DATA FOR THE TASK Start Marker

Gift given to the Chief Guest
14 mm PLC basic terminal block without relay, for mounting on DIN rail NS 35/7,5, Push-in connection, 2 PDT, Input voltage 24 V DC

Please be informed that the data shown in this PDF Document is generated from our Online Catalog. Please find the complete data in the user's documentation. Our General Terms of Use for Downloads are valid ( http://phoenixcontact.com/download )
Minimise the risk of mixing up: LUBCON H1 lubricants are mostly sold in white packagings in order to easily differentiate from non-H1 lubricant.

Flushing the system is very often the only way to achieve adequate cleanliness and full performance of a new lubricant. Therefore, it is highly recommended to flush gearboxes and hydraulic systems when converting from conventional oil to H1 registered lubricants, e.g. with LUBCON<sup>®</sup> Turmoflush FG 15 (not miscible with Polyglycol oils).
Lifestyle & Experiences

DATA FOR THE TASK End Marker
DATA FOR THE TASK Start Marker

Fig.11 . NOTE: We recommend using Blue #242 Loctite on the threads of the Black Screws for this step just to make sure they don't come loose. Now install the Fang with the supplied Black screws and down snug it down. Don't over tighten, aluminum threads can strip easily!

DATA FOR THE TASK End Marker
DATA FOR THE TASK Start Marker

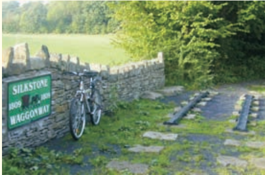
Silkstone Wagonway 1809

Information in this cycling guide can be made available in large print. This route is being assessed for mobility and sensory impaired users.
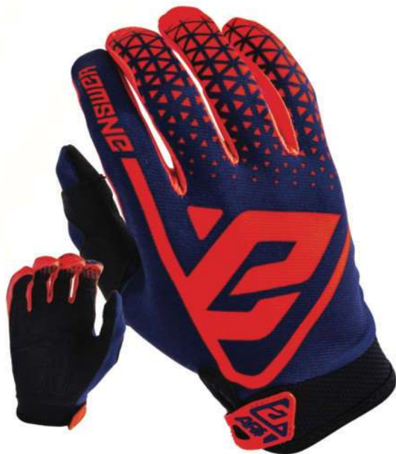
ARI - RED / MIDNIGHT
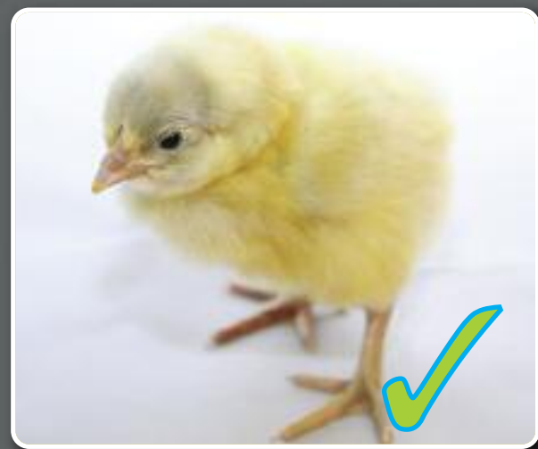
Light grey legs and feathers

DATA FOR THE TASK End Marker

◆ WHAT NEEDS TO BE DONE
Extract the lines of the preceding material that run from the line with "Gift given to the Chief Guest" through the line with "Minimise the risk", inclusive, reproducing them exactly and adding nothing.

◆ ANSWER SPACE
Gift given to the Chief Guest
14 mm PLC basic terminal block without relay, for mounting on DIN rail NS 35/7,5, Push-in connection, 2 PDT, Input voltage 24 V DC

Please be informed that the data shown in this PDF Document is generated from our Online Catalog. Please find the complete data in the user's documentation. Our General Terms of Use for Downloads are valid ( http://phoenixcontact.com/download )
Minimise the risk of mixing up: LUBCON H1 lubricants are mostly sold in white packagings in order to easily differentiate from non-H1 lubricant.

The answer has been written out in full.